Все ли способны на любовь? К сожалению, нет. Наверное, рождаясь, каждый здоровый человек несет в себе скрытую способность к любви. Но чем старше люди, тем меньше таких, у кого хватает глубины души, чтобы вместить это большое чувство. У многих душа не достигает нужной глубины: у кого — из-за воспитания, у кого — из-за жизненных условий, у кого — из-за чрезмерности эгоизма.
Люди эгоистического склада или люди с неглубокой душой способны, пожалуй, только на влечение, влюбленность, привязанность — не больше. Хотя если такие люди вырастят в себе способность дорожить другим, как собой, они тем самым углубят свою душу, умерят «я-центризм», и их влюбленность может перерасти в любовь. Правда, сделать это очень трудно, тут не обойтись без переломов в себе, и далеко не у всех, наверное, хватит на это сил.
Как же все эти социальные перевороты повлияли на наши чувства? И как влияют на них другие глобальные сдвиги — НТР, урбанизация, сидячая цивилизация?
Сдвиги эти в корне меняют весь уклад будней, и первая перемена в этом укладе — как бы взрыв перемен. Ритм жизни все убыстряется, круто растет число перемен в единицу времени: в году сейчас столько сдвигов, сколько раньше вмещалось в 10–12 лет. Этот взрыв перемен несет с собой потоки новизны, которые и обогащают людей, и резко повышают их нервные нагрузки.
Человеческая психика попадает в тиски таких перегрузок, каких у нее никогда не было. И чтобы уберечь себя от распада, она начинает экономить нервные силы — отпускает меньше этих сил в каждое ощущение, в каждое переживание. В подсознании человека возникает новый психологический механизм — глушитель эмоций. Он спасает психику от разбалансирования, но человеческие чувства слабеют, делаются менее сердечными, эмоциональными, более головными, рациональными, чем раньше. Такое обеднение чувств — первая резко невыгодная для нас перемена в современной психологии. Это плата за приспособление наших нервов к нынешнему сверхритму жизни.

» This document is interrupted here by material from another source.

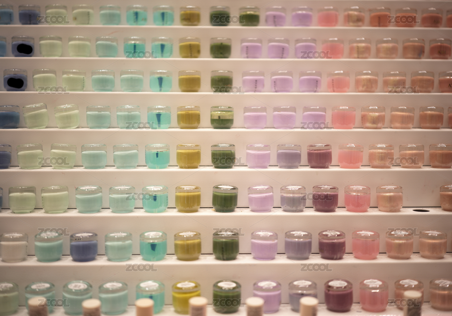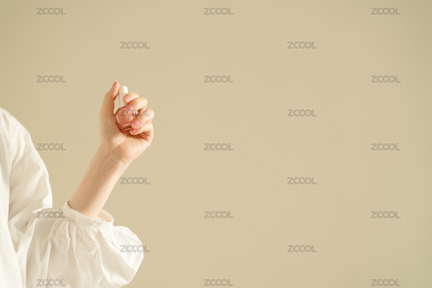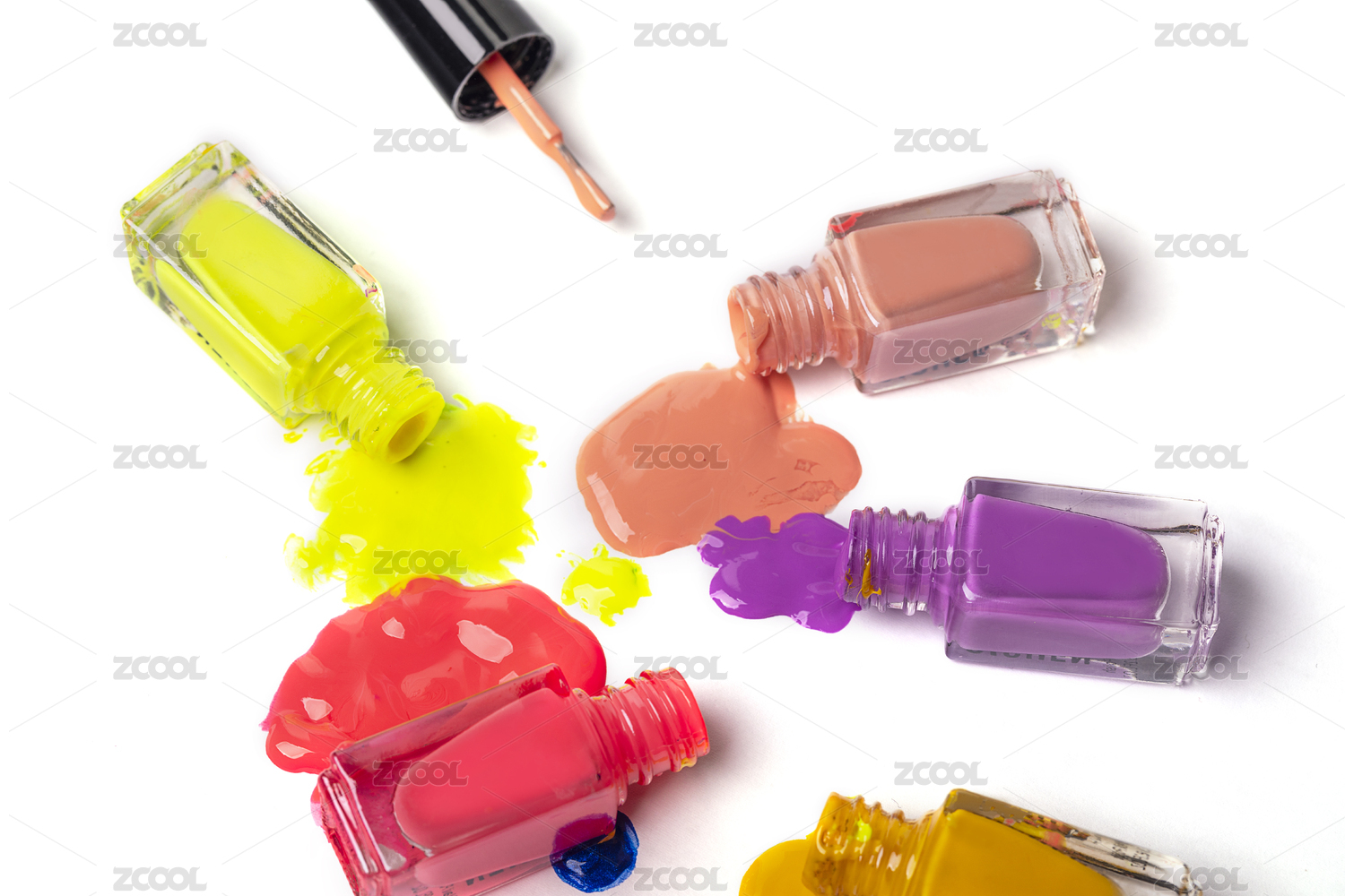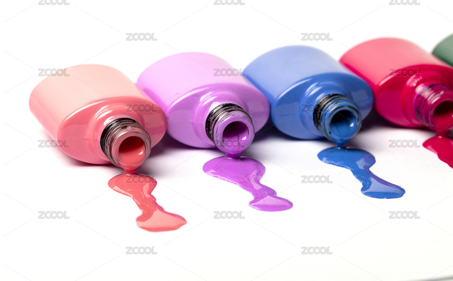 在白嫩的手上涂抹五顏六色的指甲油插畫

Рассудочных людей становится все больше. А человек-рационал хуже приспособлен к семейной жизни: его привязанность к близким людям слабее, все его чувства — любовные, дружеские, родительские, родственные — резко теряют в глубине и долготе.
А как действует на людей взрыв контактов, который принесла с собой нынешняя городская жизнь?
Английские социологи подсчитали, что у среднего горожанина сейчас от пятисот до двух тысяч знакомых. Это могло бы расширять кругозор людей, углублять их общение друг с другом. Но взрыв контактов мельчит эти контакты, снижает их глубину, лишает душевности. Более того, ежедневные контакты с тысячами людей — на работе, на улицах, в магазинах, в транспорте — резко перенапрягают нервы, усиливают потоки тягостных эмоций.
Так же перегружают наши нервы и взрыв информации, и постоянно растущие шумы, и загрязненный воздух, и отъединение от природы…
В ответ на атаки города человеческая психика создает еще один щит обороны: мозг начинает вырабатывать наборы эмоциональных шаблонов, стандартов — одинаковых откликов на разных людей, разные сигналы жизни. На привычные отклики идет меньше нервных сил, и это спасает их от перерасхода. Но мы дорого платим за такое спасение: наши чувства — у кого больше, у кого меньше — обезличиваются, теряют в личном своеобразии. Обезличивание чувств (после ослабления и орассудочивания чувств) крупная перемена в психологии современного человека.